At the heart of this Appeal stands Christ Himself—crucified, risen, and radiant. On Calvary, the full fire of judgment fell on Him so that we could pass through purification without being destroyed (cf. Isa 53; Rom 8). The Catechism teaches that Christ’s sacrifice is the definitive fire that reconciles humanity to the Father (cf. CCC 614–618). When we unite our sufferings to His, they become redemptive flames. Every vocation—marriage, priesthood, single life, hidden service—becomes a furnace of love where the old self dies and the new is born. Our Adorable Jesus is not threatening us; He is inviting us to be free. This appeal is the voice of Mercy insisting that evil will not have the last word.
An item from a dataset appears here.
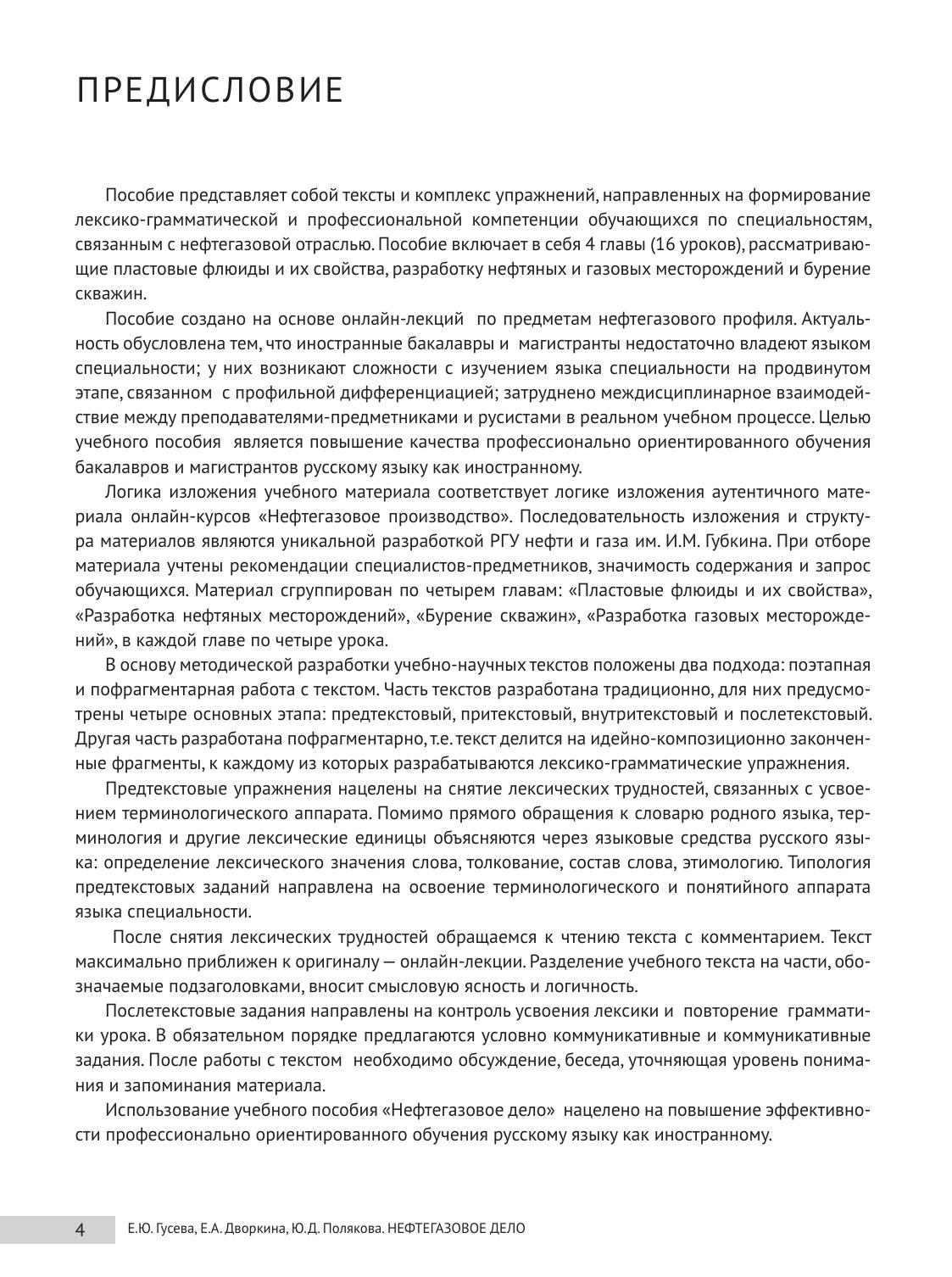 Настоящее издание предназначено для бакалавров и магистрантов, обучающихся в университетах на факультетах, связанных с нефтегазовой отраслью. Пособие рассчитано на подготовку по русскому языку на уровне В1 (ТРКИ-1). Пособие составляют тексты по специальностям нефтегазового профиля. В качестве источника использованы лекции по разработке и бурению нефтяных и газовых скважин,а также по свойствам углеводородных флюидов. Предполагается ознакомление с особенностями научного стиля в его письменной и устной разновидностях, общенаучной лексикой, основными синтаксическими моделями, характерными для языка науки, и формирование языковых и профессиональных компетенций.
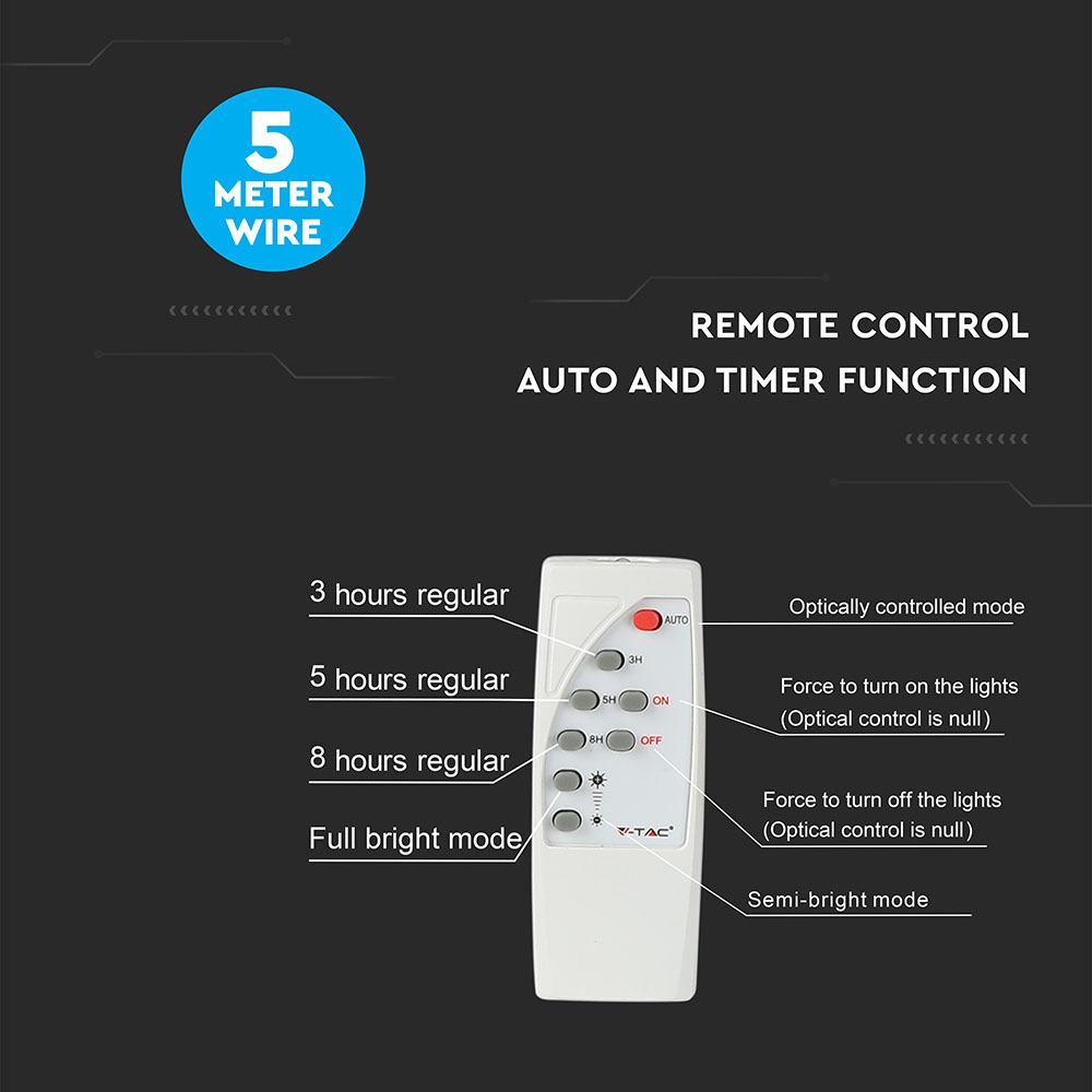 Flutlicht von V-TAC, Modell VT-25W, 25W Leistung, ideal für Außenbereiche. Das Flutlicht bietet eine Lichtstärke von 550 Lumen und eine Farbtemperatur von 6000K. Mit einer Lebensdauer von 20.000 Stunden und einer IP65 Schutzart ist es für den Außeneinsatz geeignet. Die Maße betragen 80 mm x 190 mm x 350 mm und das Gewicht liegt bei 1,867 kg. Ausgestattet mit einer Fernbedienung, Auto- und Timerfunktion sowie flexibler Installation durch das 5 Meter lange Solarpanel-Kabel.

What is false must perish because it was never truly alive. It only survived by hiding from love. When Christ’s fire enters the soul, it does not destroy you — it destroys what was never you. The ego feels threatened, but the heart is being freed. Every sin is a wounded longing. Every attachment is a misplaced thirst. The fire goes gently, (cf. Jn 12:24; CCC 1430) layer by layer, until it reaches the place where God first breathed love into the soul . If we trust the burning, we discover something breathtaking: beneath all the pain is not anger, but tenderness. Beneath the fire is only Love — purer, brighter, and more gentle than we ever imagined.
Prayer
O Adorable Jesus, enter our hearts together, and let Your fire purify all that is not of You. Burn away fear, selfishness, and hidden anger. In our work, our homes, and our quiet moments, shape us into one heart that reflects Your mercy and shines with Your eternal Love. Amen.
Sr. Anna Ali of the Most Holy Eucharist, intercede for us.